CareBridge Ltd ("CareBridge", "we", "us") is committed to protecting your personal data. This Privacy Policy explains how we collect, use, disclose and safeguard information when you use our workforce compliance platform (the "Service"), in accordance with the UK GDPR and the Data Protection Act 2018.
1. Who we are
CareBridge Ltd is a company registered in England & Wales. We act as a data processoron behalf of care providers (our customers) who are the data controllers of workforce records they upload, and as a data controller for account, billing and usage data of users who register with the Service.
2. Personal data we collect
- Account data: name, work email, hashed password, organisation, role.
- Workforce records (processed on behalf of customers): candidate and worker details, DBS certificate numbers, Right-to-Work evidence, training certificates, supervision notes, evidence documents.
- Usage data: log-in events, IP address, browser type, audit-trail actions.
- Cookies and similar technologies: see our Cookie Policy.
3. Lawful bases for processing
- Contract: to provide the Service to you or your organisation.
- Legitimate interests: to secure, improve and support the Service.
- Legal obligation: to meet record-keeping, tax and regulatory requirements.
- Consent: where required (e.g. non-essential cookies, marketing emails).
4. Special category data
Workforce records may include special category data (e.g. health-related training, criminal-record information via DBS).
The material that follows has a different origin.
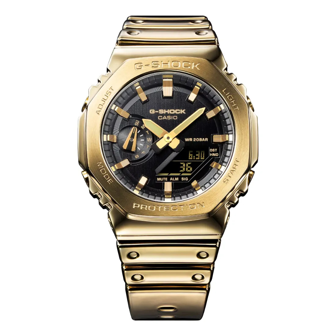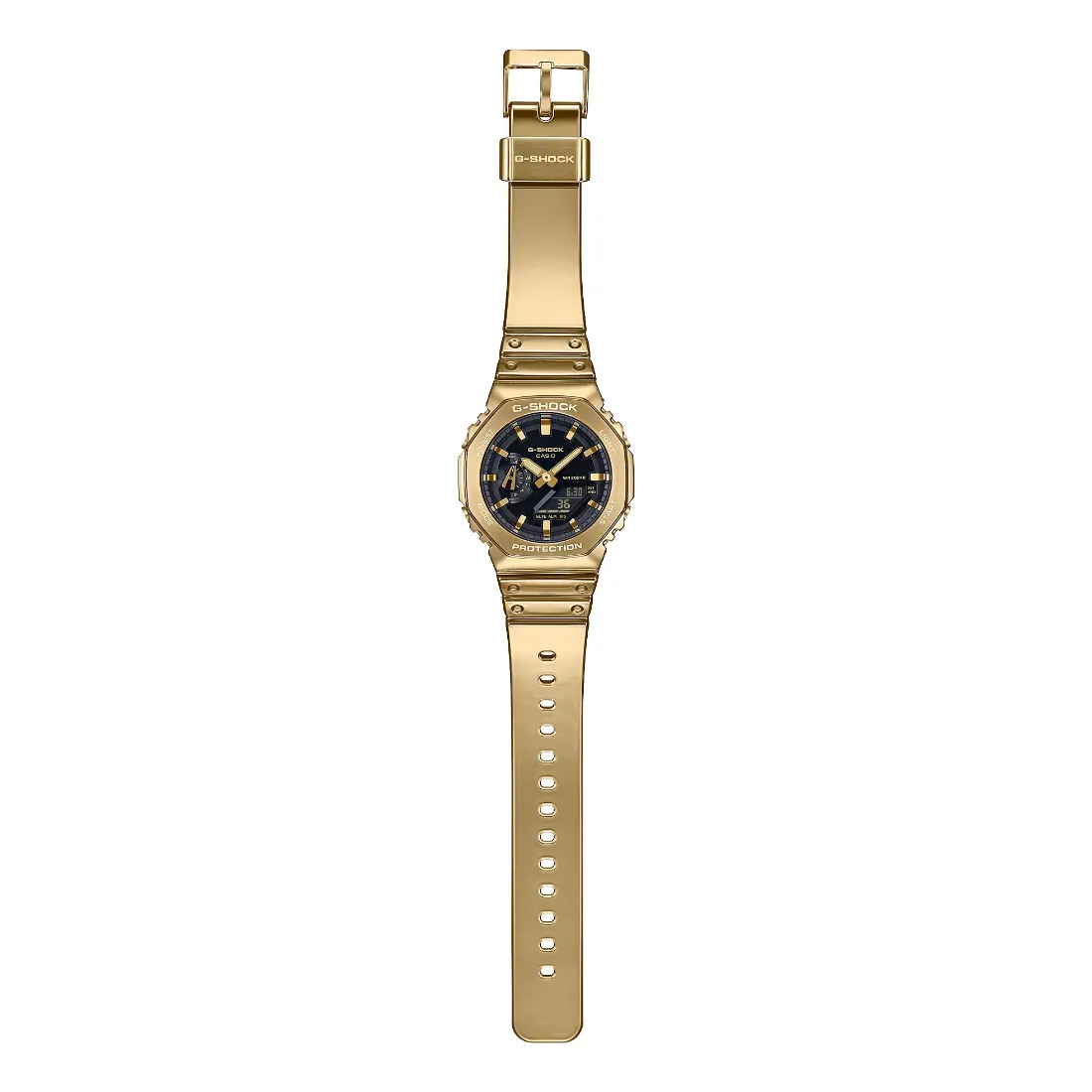 El G-STEEL en color dorado fusiona resistencia y lujo con un diseño monocromático único. Su correa de silicona ultra resistente, con acabado metalizado por deposición de vapor, proporciona un ajuste cómodo y un look sofisticado. Ideal para quienes buscan un reloj de moda con tecnología avanzada y materiales premium. Elija su favorito: el icónico GM-2100 con marco octogonal.

We process this strictly under contract with the controller, with appropriate safeguards and only as instructed in our Data Processing Agreement.
5. Where your data is stored
All personal data is hosted in UK / EEA data centres. We do not transfer personal data outside the UK or EEA without appropriate safeguards (Standard Contractual Clauses, UK Addendum, or an adequacy decision).
6. Retention
Workforce records are retained for as long as the customer's account is active, plus any period required by law (e.g. CQC and HMRC retention periods). On termination, data is returned or securely deleted within 90 days unless a longer retention is legally required.
7. Your rights
Under UK GDPR you have the right to:
- Access a copy of your personal data.
- Rectify inaccurate or incomplete data.
- Erase your personal data ("right to be forgotten").
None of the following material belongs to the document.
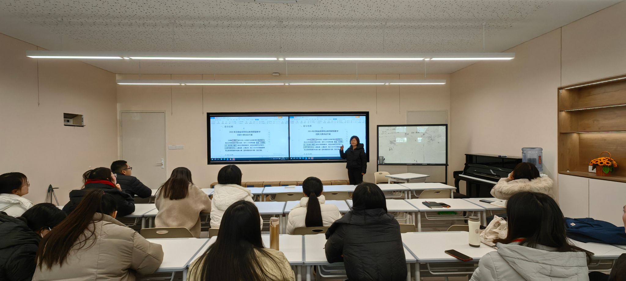 2024年12月25日下午,学前教育系教师郭春林在1104教室,为全体教师带来了一场关于河南省高等职业教育课堂教学创新大赛的经验分享会。分享会旨在帮助教师深入了解比赛要求,掌握参赛技巧,并提升教学设计和创新能力。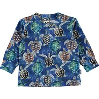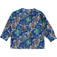 Eloy is a blue baby top with a turtle print. Eloy has easy snap closure on one shoulder.

- Restrict or object to processing.
- Data portability.
- Withdraw consent at any time.
- Lodge a complaint with the Information Commissioner's Office (ico.org.uk).
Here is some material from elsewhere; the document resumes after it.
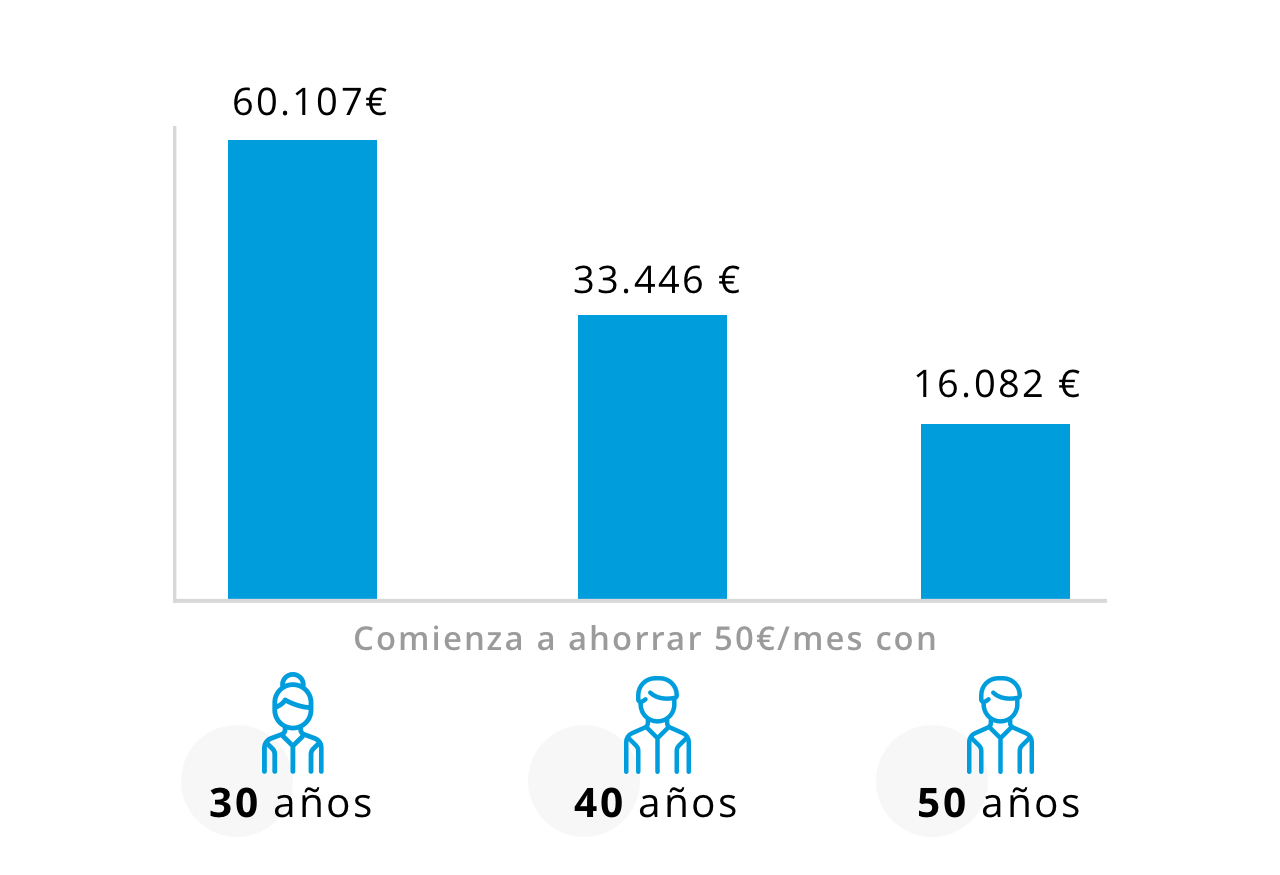 Ahorra 50 € al mes desde hoy y descubre lo que puedes conseguir para tu jubilación

For workforce records, please contact your employer (the data controller). For account data, email dpo@carebridge.app.
8. Security
We use industry-standard safeguards including TLS 1.2+ in transit, AES-256 encryption at rest, role-based access control, audit logging, signed short-lived download URLs for evidence documents, and regular penetration testing.
9. Sub-processors
A current list of sub-processors is available on request. We notify customers of changes in line with our Data Processing Agreement.
10. Changes to this policy
We will notify you of material changes by email or in-product notice at least 30 days before they take effect.